Case ID: ad2d_163/html/0641-01.html
Source: Caselaw Access Project
Author: {"author": "Casey, J.", "license": "Public Domain", "url": "https://static.case.law/"}
Date Created: 2024-08-24T03:29:51.129683

Jane Torani, Respondent-Appellant, v First United Methodist Church, Also Known as Adirondack Community Church, Appellant-Respondent.
   Casey, J.

Cross appeals from an order of the Supreme Court (Brown, J.), entered October 16, 1989 in Saratoga County, which denied defendant’s motion for summary judgment dismissing the complaint and plaintiff’s cross motion for leave to serve an amended bill of particulars.

On July 16, 1983, plaintiff and her husband attended the fourth annual "Country Fair” and barbecue held by defendant in the Village of Lake Placid, Essex County. Following dinner, plaintiff took a raft ride sponsored by defendant on Mirror Lake. After the ride, plaintiff and her husband were directed to walk on a back lawn area in order to return to the front of defendant’s building. Closing time for the fair was 7:30 P.M., and since that time was approaching, the personnel were closing the various stands. As plaintiff walked up the sloping lawn around the outside of a large tree she slipped and fell, sustaining a broken ankle. Plaintiff commenced an action in negligence and, after joinder of issue, defendant moved for summary judgment to dismiss the complaint. Plaintiff cross-moved to serve an amended bill of particulars. The motions were denied.

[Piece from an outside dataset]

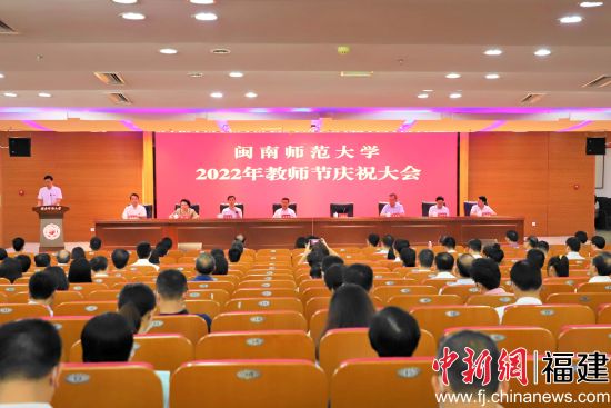 中新网福建新闻9月10日电(沈瑞芳 刘媛媛 周丽丽) 9月9日下午,闽南师大在逸夫图书馆五楼报告厅隆重举行2022年教师节庆祝大会。全体在家校领导,全校中层干部,一年来新入职教职工、退休教职工、学生代表,以及接受本次大会表彰的代表参加会议。会议由闽南师大党委副书记、校长李顺兴主持。
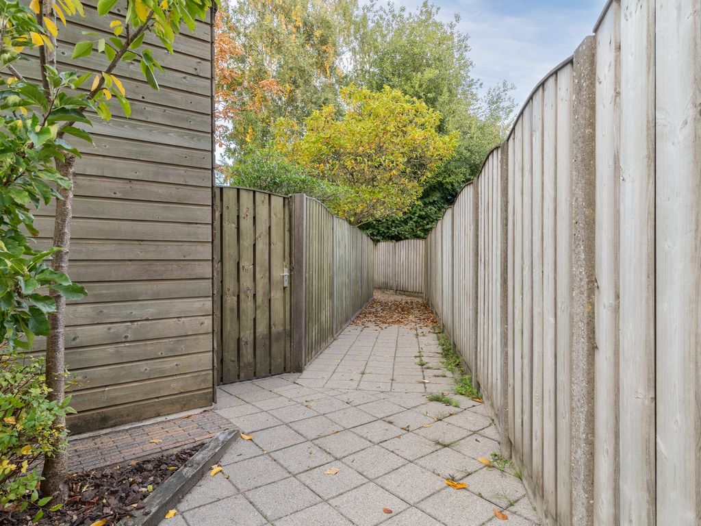 De ruime tuin ligt aan de zijkant van de woning en heeft een oppervlakte van circa 90 m².

Considering first plaintiff’s cross motion for leave to serve an amended bill of particulars, we agree that such motion was properly denied. By such amendment plaintiff now attempts to show that the tree caused or contributed to her fall. This theory of liability was never mentioned in her examination before trial, nor in her husband’s deposition, as contributing to her fall. We do not believe that such an inconsistent version of the happening of the accident should be permitted to be advanced at this time. Plaintiff and her husband had ample opportunity to plead this theory of negligence in her complaint, if that were the fact, and failed to do so. Furthermore, there is no factual support shown for such a theory now.

Considering defendant’s motion for summary judgment, we believe that “Supreme Court improperly denied that motion. In support of its motion, defendant submitted its attorney’s affidavit which incorporated the pleadings, the bill of particulars, and the depositions of plaintiff and her husband. In her deposition, plaintiff claimed that she thought she slipped on ice cubes which were on the ground. Her husband stated that he saw ice cubes or crushed ice on the ground just as plaintiff stepped on it. There was no showing how the ice got onto the ground or how long it had been there before plaintiff’s fall. In our view, the burden imposed upon defendant as the moving party was satisfied and plaintiff was required to demonstrate by proof in admissible form that the condition was caused by defendant’s agents or existed for a sufficient period of time to require defendant in the exercise of reasonable care to have corrected it (see, Franqui v City of New York, 152 AD2d 482). Since plaintiff failed to so demonstrate, the order of Supreme Court denying defendant’s motion for summary judgment must be reversed.

Order modified, on the law, with costs to defendant, by reversing so much thereof as denied defendant’s motion for summary judgment; motion granted and complaint dismissed; and, as so modified, affirmed. Mahoney, P. J., Casey, Weiss, Levine and Harvey, JJ., concur.